# TASK PROMPT
For this listing, the lines between the one holding "見つけたドングリや落ち葉につ" and the one holding "This bingo card", inclusive, must be set down exactly.

# RECORDED DATA
*** Begin section ***
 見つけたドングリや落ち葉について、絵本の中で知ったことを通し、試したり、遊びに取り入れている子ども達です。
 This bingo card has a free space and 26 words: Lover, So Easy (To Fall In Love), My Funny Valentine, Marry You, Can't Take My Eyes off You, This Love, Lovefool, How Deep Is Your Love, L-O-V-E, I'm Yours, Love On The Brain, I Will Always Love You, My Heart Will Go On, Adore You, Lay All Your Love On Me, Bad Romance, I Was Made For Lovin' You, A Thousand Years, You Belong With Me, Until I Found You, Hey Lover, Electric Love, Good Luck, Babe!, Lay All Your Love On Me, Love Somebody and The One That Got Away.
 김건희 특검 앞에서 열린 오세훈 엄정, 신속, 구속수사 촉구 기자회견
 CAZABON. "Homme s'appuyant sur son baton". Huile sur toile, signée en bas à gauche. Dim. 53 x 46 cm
*** End section ***
*** Begin section ***
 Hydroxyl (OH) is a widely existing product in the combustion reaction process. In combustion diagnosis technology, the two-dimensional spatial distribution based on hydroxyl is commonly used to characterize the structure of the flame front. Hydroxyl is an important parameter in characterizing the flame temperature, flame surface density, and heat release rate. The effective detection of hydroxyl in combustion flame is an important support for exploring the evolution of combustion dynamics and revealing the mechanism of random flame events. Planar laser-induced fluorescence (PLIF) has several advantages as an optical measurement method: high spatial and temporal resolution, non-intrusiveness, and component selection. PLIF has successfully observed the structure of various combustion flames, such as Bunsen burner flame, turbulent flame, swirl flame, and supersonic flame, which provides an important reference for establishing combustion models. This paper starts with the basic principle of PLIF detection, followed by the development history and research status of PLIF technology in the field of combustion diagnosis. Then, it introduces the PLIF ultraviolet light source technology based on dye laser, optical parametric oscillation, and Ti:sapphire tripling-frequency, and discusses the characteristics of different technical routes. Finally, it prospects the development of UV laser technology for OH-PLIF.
*** End section ***
# FINISHED TASK
 見つけたドングリや落ち葉について、絵本の中で知ったことを通し、試したり、遊びに取り入れている子ども達です。
 This bingo card has a free space and 26 words: Lover, So Easy (To Fall In Love), My Funny Valentine, Marry You, Can't Take My Eyes off You, This Love, Lovefool, How Deep Is Your Love, L-O-V-E, I'm Yours, Love On The Brain, I Will Always Love You, My Heart Will Go On, Adore You, Lay All Your Love On Me, Bad Romance, I Was Made For Lovin' You, A Thousand Years, You Belong With Me, Until I Found You, Hey Lover, Electric Love, Good Luck, Babe!, Lay All Your Love On Me, Love Somebody and The One That Got Away.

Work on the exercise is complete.